▸ Exercise data

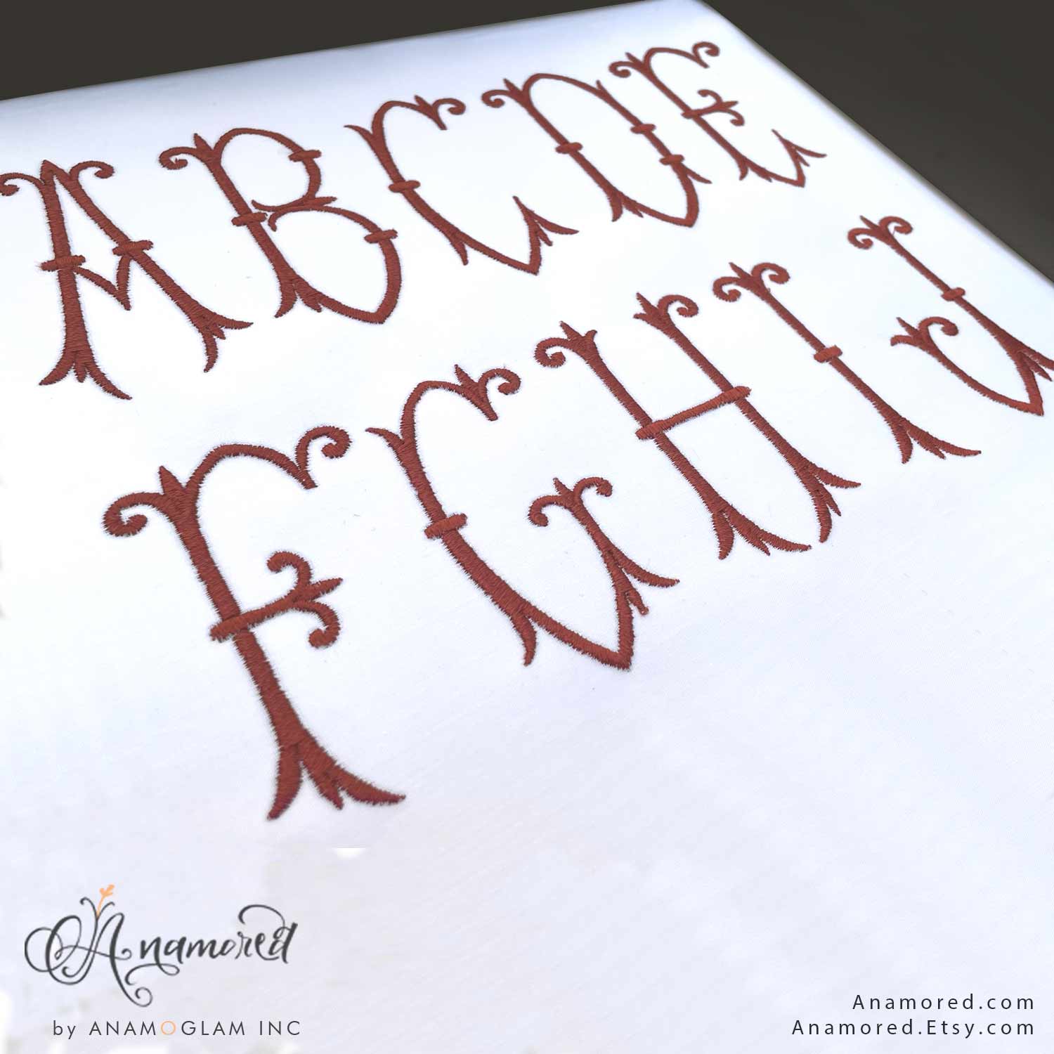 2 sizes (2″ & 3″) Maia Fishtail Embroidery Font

--

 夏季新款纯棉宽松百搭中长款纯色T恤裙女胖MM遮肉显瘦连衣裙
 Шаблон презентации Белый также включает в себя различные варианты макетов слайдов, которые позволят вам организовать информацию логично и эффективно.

▸ What is required
Please output the lines of the listing above that fall in the stretch from the one with "夏季新款纯棉宽松百搭中长款纯色T恤裙女胖MM遮肉显瘦连衣裙" through the one with "Шаблон презентации Белый", exactly and only those.

▸ The completed task
 夏季新款纯棉宽松百搭中长款纯色T恤裙女胖MM遮肉显瘦连衣裙
 Шаблон презентации Белый также включает в себя различные варианты макетов слайдов, которые позволят вам организовать информацию логично и эффективно.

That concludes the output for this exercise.